The platform's infrastructure changed repeatedly during the quarter. In January and February, domains shifted toward newer generic top-level domains including .digital, .business, .contractors, .ceo and .company. After the March takedown effort, .ru registrations rose again, with more than 41% of Tycoon2FA domains using that suffix from the last week of March.

Hosting patterns also shifted. By the end of March, Tycoon2FA was moving away from Cloudflare and placing most of its domains across a broader mix of alternative hosting services.

QR code rise

QR code phishing expanded sharply during the quarter, rising from 7.6 million attacks in January to 18.7 million in March. That 146% increase pushed the method to its highest monthly volume in at least a year.

Attackers increasingly used QR codes to hide malicious links in images embedded in email bodies or attachments, pushing victims to phishing sites that may be opened on unmanaged mobile devices. PDF files remained the main delivery route, rising from 65% of QR code attacks in January to 70% in March.

DOC and DOCX files also increased in absolute terms, although their share of QR code delivery fell from 31% to 24%. A smaller but notable late-quarter shift was a 336% rise in QR codes embedded directly in email bodies in March, taking them to 5% of total QR code phishing volume.

CAPTCHA shifts

CAPTCHA-gated phishing also changed quickly. After declining in January and February, this category more than doubled in March to 11.9 million attacks, the highest monthly level Microsoft said it had seen in the previous year.

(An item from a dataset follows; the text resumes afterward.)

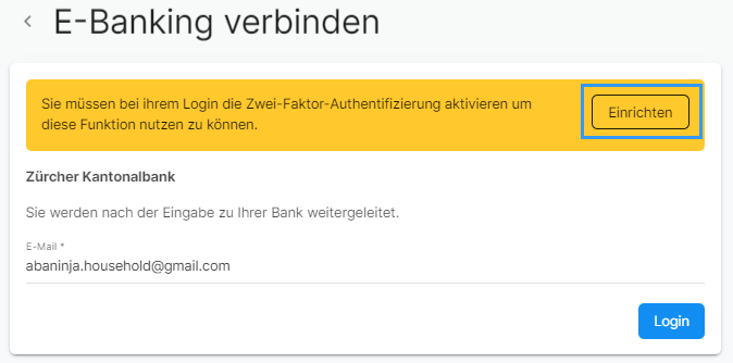 Wir freuen uns sehr, dass wir die bLink Bankenschnittstelle von SIX Group implementieren konnten. Damit erhalten Sie weitere Bankanbindungen, um sie dauerhaft mit AbaNinja zu verbinden. Um eine Bank via bLink zu verbinden ist die 2-Faktor Authentifizierung zwingend. Nach dem Einrichten der 2-Faktor Authentifizierung müssen Sie sich zuerst abmelden und neu einloggen, um die Anbindung fortzuführen.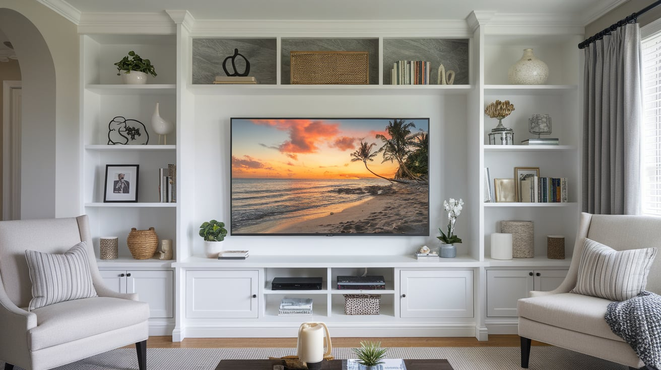 A built-in entertainment center offers a polished, seamless look that blends perfectly with your living room walls. It provides plenty of storage for media accessories, books, and decorative items, making it both functional and stylish.

Attackers appeared to rotate delivery methods aggressively to test which formats were most likely to evade email defences. HTML attachments started the year as the most common method, SVG files briefly took the lead in February, and PDF files then surged in March after more than quadrupling from January's annual low.

DOC and DOCX files also rose sharply in March, accounting for 15% of payloads. At the same time, Tycoon2FA's role in this segment declined. More than three-quarters of CAPTCHA-gated phishing sites at the end of 2025 were hosted on Tycoon2FA infrastructure, but that share had fallen to 41% by March.

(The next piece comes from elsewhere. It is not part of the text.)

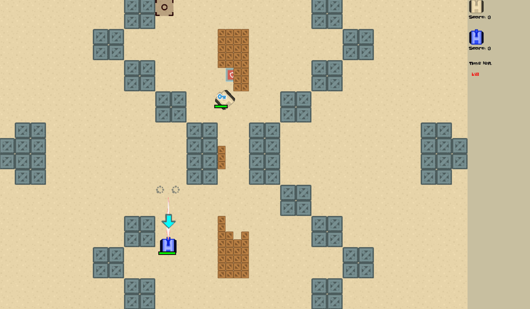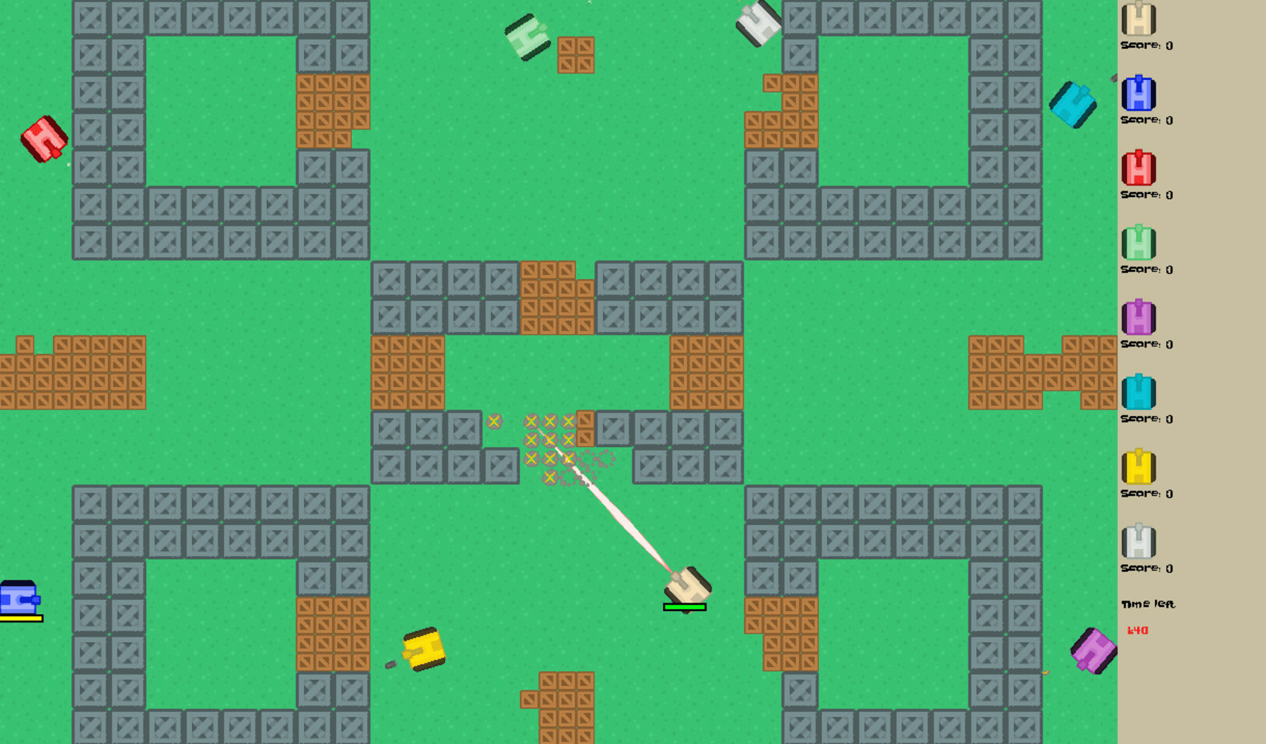 Battle against friends using tanks and their weapons. Find bonuses on map and use them to your adventage. All tanks can use bullets, lasers, bombs, temporary speed or special sphere where bullets are slower. Game can be streamed on Twitch and other streaming platforms.

One campaign between late February and the end of the month sent more than 1.2 million messages to users at more than 53,000 organisations in 23 countries. The emails used themes including pension updates, credit holds, payments and voice messages, and carried SVG attachments named to match each lure.

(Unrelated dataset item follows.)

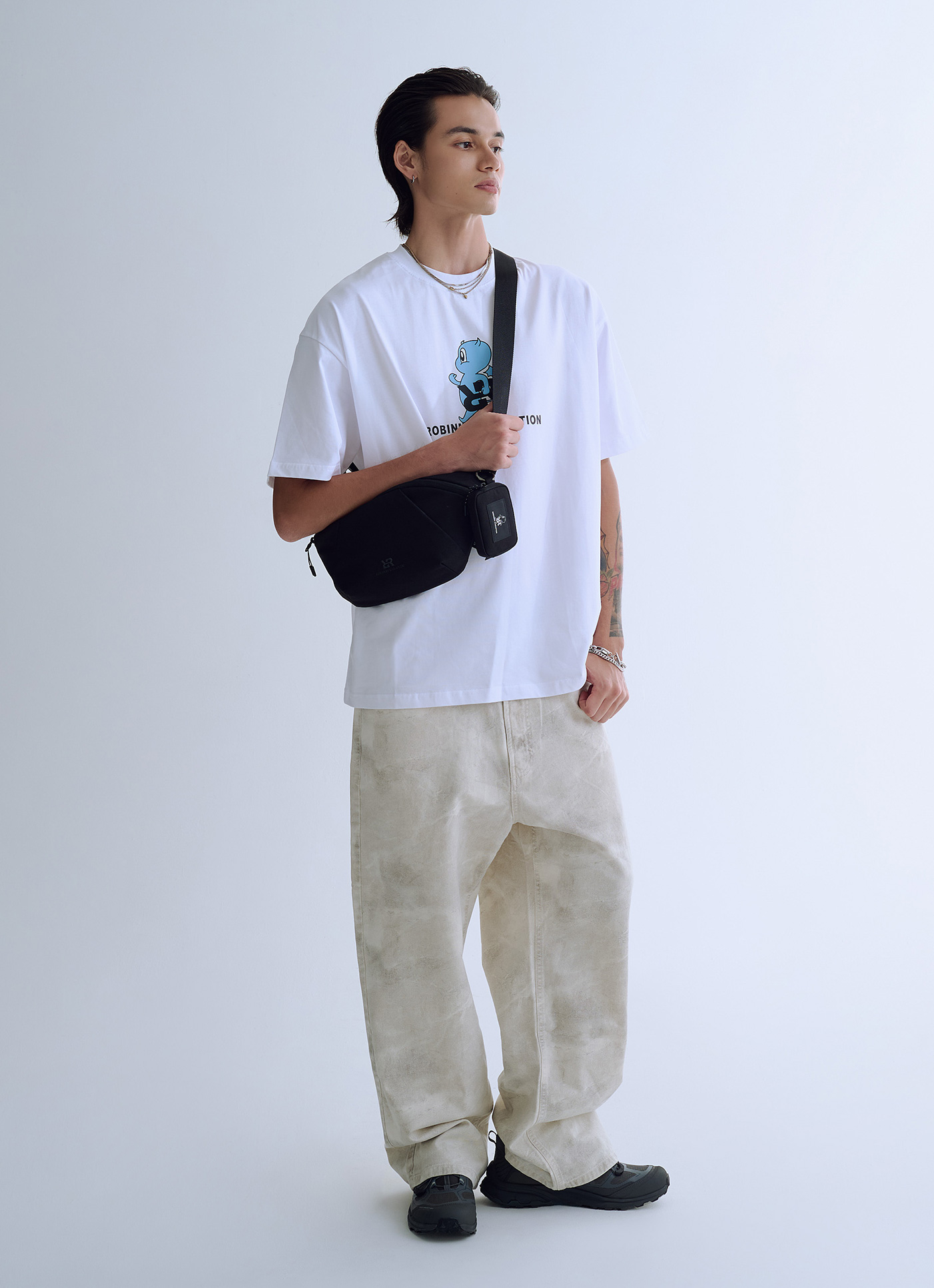 休閒可頌造型胸包,前側皺摺設計添加層次感可放置長夾、6.7吋手機✔️基本收納空間,可置入外出物品男士支線品牌字母標誌點綴,低調不失質感背帶一體成型,滑動調整長短,自由變換背法附品牌 IP 小惡魔 Pranky 零錢包掛飾 (11*2*8cm)

If opened, the SVG file launched a browser session that fetched content from one of three hostnames and first displayed a security check. Victims who completed the CAPTCHA were then shown a fake sign-in page designed to steal credentials.

Large campaigns

Another large phishing wave emerged in March through malicious HTML attachments. Microsoft observed more than 1.5 million confirmed malicious messages sent to over 179,000 organisations across 43 countries in a single campaign, accounting for roughly 7% of all malicious HTML attachments seen that month.

The messages carried minimal body text and commonly posed as payment alerts, invoices or document requests. Opening the attachment redirected the user through an external staging page to a phishing site, where a CAPTCHA challenge preceded a fraudulent sign-in page.

Although the emails shared common tooling and structure, the final phishing pages were spread across several phishing-as-a-service providers. Most endpoints were linked to Tycoon2FA, while others were associated with Kratos and EvilTokens.

Within business email compromise, generic opening lines such as asking whether a target was at their desk made up 82% to 84% of initial contact emails each month. Explicit requests for financial transactions or documents accounted for only 9% to 10%, while payroll update requests rose in February and gift card requests dropped before rebounding in March.

"The most significant shift in Q1 2026 was the rapid escalation of QR code phishing, with attack volumes increasing from 7.6 million in January to 18.7 million in March, a 146% increase over the quarter," Microsoft said.